I'm going on 3 months now of not eating meat and dairy. A few weeks in, I grilled 30 cheeseburgers for the local middle school soccer team, which was an engagement I agreed to prior to my big dietary makeover. The experience was not pleasant, the burgers looked yucky, and I had no temptation to eat them. A couple weeks ago I had the second of such engagements, and this time the burgers looked intoxicating. The aroma and texture of the worthless white bread hamburger buns, the sizzle of the cow flesh, the rich look of the thick slices of cheddar cheese....breathtaking. No, I didn't partake, not even a nibble? Know why? Because I realized I didn't want one, I wanted THREE, at LEAST. That's a problem. Moderation and me are not exactly on close terms when it comes to junky food. Then a couple days ago I went to a potluck with my coworkers and I had fried chicken, huge deli sandwiches, and large hunks of BBQ sausage - meaning, I had those things available to me, didn't eat any of it though. It was hard! I felt like an alcoholic at an open bar. Happily, I had brought lentil chili and someone else brought some unadulterated fruit.

My wife and I have been discussing how we are getting a little bored with how we're eating. What we'll need to do is read more recipes, and learn more skills. For me, the temptation to go back to meat and dairy kinda dies away every time I consider how that might take me back to the land of 230 pounds.

Since the middle of last week when the Engine 2 Diet site was kind enough to publish a guest blog that I wrote, LOTS more people have read my humble little blog here, and I've had so many wonderful comments! Thank you all so much! Feel free to keep the suggestions coming for other animal free food ideas coming!



Wednesday, May 9, 2012

Bacon and Gatorade

My oldest boy went from Cub Scouts to Boy Scouts this year, and with that change came the prospect of weekend camp outs on a monthly basis. Also, the prospect of me going along on said camp outs...I figured I should check in with the troop leader (a significantly overweight man, with a son in the troop that was on the road toward being even more overweight than his dad) about what the boys eat on those weekends for two reasons, 1) my kid had cancer, so we don't have him eat a bunch of sugary processed crap, figuring he should have fruit and veggies instead, and 2) I sure wanted to know for my own sake. Here's what I found out from the troop leader - the boys that lead the patrols are in charge of the menu and the cooking. I asked 'so, if the boys choose to bring nothing but Pop Tarts and hot dogs...?' and he said "we allow them to fail, it's part of the learning process for them." Stunning. Strangely enough, they don't have that same 'learning from failure' ideal in place at the gun range. He did say though that we could certainly bring along food of our own.

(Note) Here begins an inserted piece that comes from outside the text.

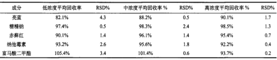 各自稱量9份呈陰性試品,各2.5g,按以上色譜儀標(biāo)準(zhǔn)及其提升好的前解決方式,以低、中、高三個(gè)濃度值水準(zhǔn)開展加上規(guī)范混和貯備液為0.3mL、1.0mL、2.5mL,加上后濃度值各自約為2.4μg/mL、8.0μg/mL、20μg/mL,按以上色譜儀標(biāo)準(zhǔn)及其提升好的前解決方式,稱量破碎勻稱的點(diǎn)心試品2.5g置50mL離心管架中,加25mL水,各加5mL106g/L亞鐵氰化鉀水溶液和5mL219g/L乙酸鋅水溶液,渦流10min10min后取下,量取上清液5mL過QasisWAX固相萃取小柱(事先經(jīng)3mL工業(yè)甲醇及其3mL水活性),棄去排出液,先后用6mL2%苯甲酸和6mL純水系統(tǒng)清理,再用5%氨解工業(yè)甲醇過柱并搜集于15mL離心管架中,在40℃水浴中氮吹至近干后取下置放室內(nèi)溫度,用5mL水復(fù)溶沉渣,過0.45μmGHP微孔濾膜后,被測(cè)。結(jié)果見表4,結(jié)果顯示,點(diǎn)心中13種食用添加劑均值利用率為82.1%~105.4%,RSD為低于5%(n=9),表明此次實(shí)驗(yàn)方式利用率與精度優(yōu)良。

We took a cooler with fruit and vegetables for both of us, and some bread, avocado, cereal, and hummus for me. Guess who else had fruit and veggies at the camp site? NO ONE. Saturday morning my son's patrol leader did not do a headcount, and as a result my son missed breakfast - a breakfast of bacon and gatorade. That's it. That is a FANTASTIC way to eat in the morning to be ready for a full day of activity in the sun! Suffice it to say, I had a bunch of fruit and such to give my boy, along with plenty of water. For lunch the boys had meat sandwiches, and again I doled out some fruit. One of the dads who attended roasted a whole pig for the troop to eat that night for dinner. What went with it? Rice and beans - white rice with zero nutritional value, and canned black beans with loads of sodium, cooked with an excess of olive oil. My spinach and avocado salad was really good.

Yes, I know Scouting and camp outs are not just about food, BUT, I would think that since part of the Scout motto is "I will keep myself physically fit," then some level of appropriate guidance in how to eat would be a worthy idea? They have the boys work on calisthenics, but say nothing about how to fuel their bodies in order to do the calisthenics! Perhaps other troops do it better, or at least I hope so.